P-type doping of beryllium chalcogenides grown by molecular beam epitaxy

We have grown Be-chalcogenides for the first time by molecular beam epitaxy (MBE) on GaAs substrates. The lattice constants of both BeTe and BeSe are smaller than that of GaAs, therefore Be containing compounds such as (BeMg)Te or (BeZn)Se and (BeMgZn)Se are ideal candidates to replace ZnTe or Zn(SSe) and (Zn Mg)(SSe) ternaries and quaternaries, respectively, In this contribution we present first results on the p-type doping of such layers using a modified nitrogen plasma source.
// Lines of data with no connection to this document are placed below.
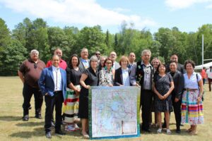 The band held a commemorative ceremony to mark the historic transfer on Wednesday, July 17th. The event held at Bug-O-Nay-Ge-Shig school was the first of its kind for the band and believed to be “…the largest land return to a Tribal Nation within this century,” according to U.S. Under Secretary of Agriculture for Natural Resources and Environment, Homer Wilkes. Throughout the afternoon, community members were able to see maps of the returned land, hear the historical background of why the land was lost, and hear speeches from honored guests.
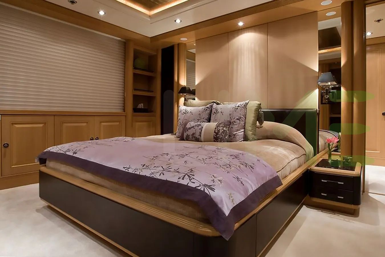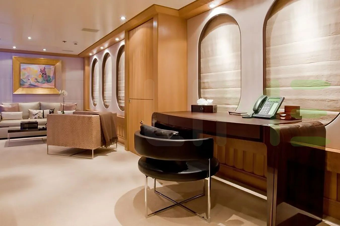 With a gross tonnage of 613, the FAUDA yacht for charter provides ample interior space for enjoyment. FAUDA offers accommodations for up to 12 guests in 5 lavishly appointed staterooms. She can also carry up to 12 crew onboard, including the Captain, to ensure a relaxed luxury yacht charter experience. The interior design by Terence Disdale Design, Reymond Langton Design Ltd. exudes a sense of luxury, seamlessly blending comfort with style.
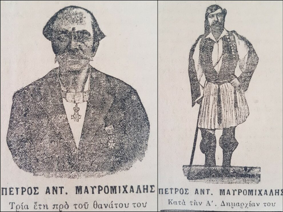 «Ότε κατά το απαίσιον έτος 1862 τον Δήμον μας ελυμαίνετο η αναρχία, προς Σε, Πέτρε Αντωνίου Μαυρομιχάλη, γόνε ενδόξου γενιάς, προς Σε επέβλεψε σύμπας ο Δήμος μας, παρά Σου εξήρτησε την σωτηρίαν του. Τας ελπίδας δε διέψευσας. Ήδη έρχομαι εγώ Δήμαρχος κατά την διάδοχον γενιάν ν’ αποτίσω φόρον ευγνωμοσύνης καταθέτων προσωπικόν στέφανον αποχαιρετισμού και να παρακαλέσω την Σεβασμίαν Σου ψυχήν συν ταις ψυχαίς των λοιπών του ενδόξου γένους Σου, να μη παύητε ικετεύοντες τον Ύψιστον παρ’ ω ήδη ίστασαι, όχι μόνον υπέρ της προόδου του Δήμου μας, αλλά και υπέρ της Σωτηρίας σύμπαντος του κινδυνεύοντος έθνους».
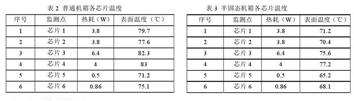 普通液態(tài)壓鑄機箱安裝 PCB 板后,設(shè)備在 40℃環(huán)境中工作時各芯片的表面溫度實測數(shù)據(jù)如下表2 所示。
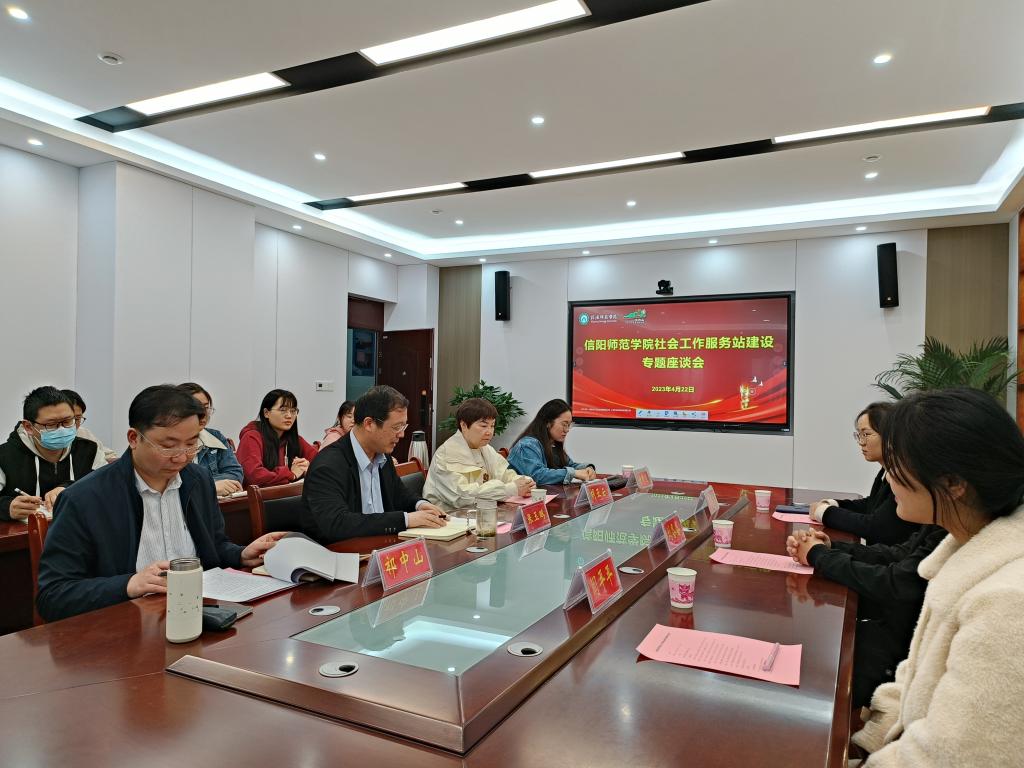 时间:2023-04-24 09:39 来源: 作者: 阅读: 次4月22日,信阳师范学院社会工作服务站建设专题座谈会在社科楼412会议室召开。郑州市级社会工作督导刘备备、闫平平、李艳红,williamhill威廉希尔副院长张玉鹏,社会工作系胡亚云教授等出席座谈会,社会工作专业本科生代表40余人参加会议。活动由学院党委委员、社会工作系主任祁中山主持。
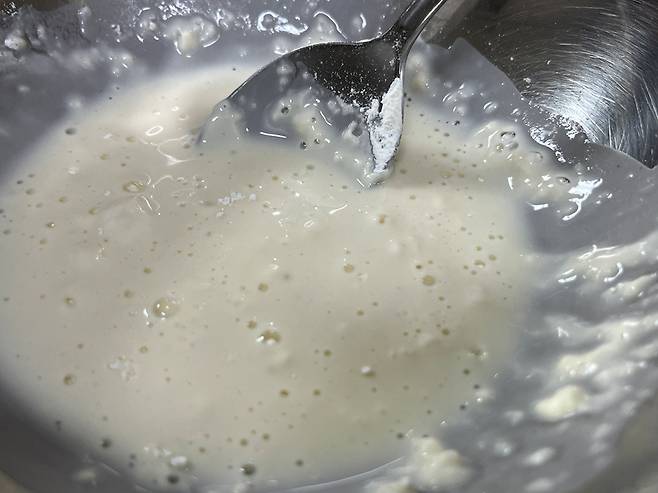 튀김 가루와 물을 약 1:0.8 비율로 썩습니다. 너무 곱게 섞을 필요는 없으니, 큰 가루 덩어리가 보이지 않을 정도로만 섞으세요.

The p-type dopability of BeTe as determined by van-der-Pauw measurements is comparable to that of ZnTe, free-hole concentrations of more than 1x10(20) cm(-3) have been reached. Heavily p-doped ternary (BeMg)Te or (BeMn)Te layers are obtained easily which are fully lattice-matched to GaAs. On the other hand, (BeZn)Se and (BeMgZn)Se ternaries and quaternaries seem to behave similar to their sulphur-containing counterparts, an increase of the band gap leads to a decrease of the free-hole concentration. Based on these results, we propose an alternative for the p-type doping of wide gap II-VI semiconductors. The small lattice mismatch of BeTe to GaAs allows to grow BeTe/ZnSe superlattices with excellent structural quality. We have calculated possible superlattice structures which should have an effective band gap comparable to or higher than ZnSe and at the same time are highly p-doped and almost lattice-matched to the GaAs substrate.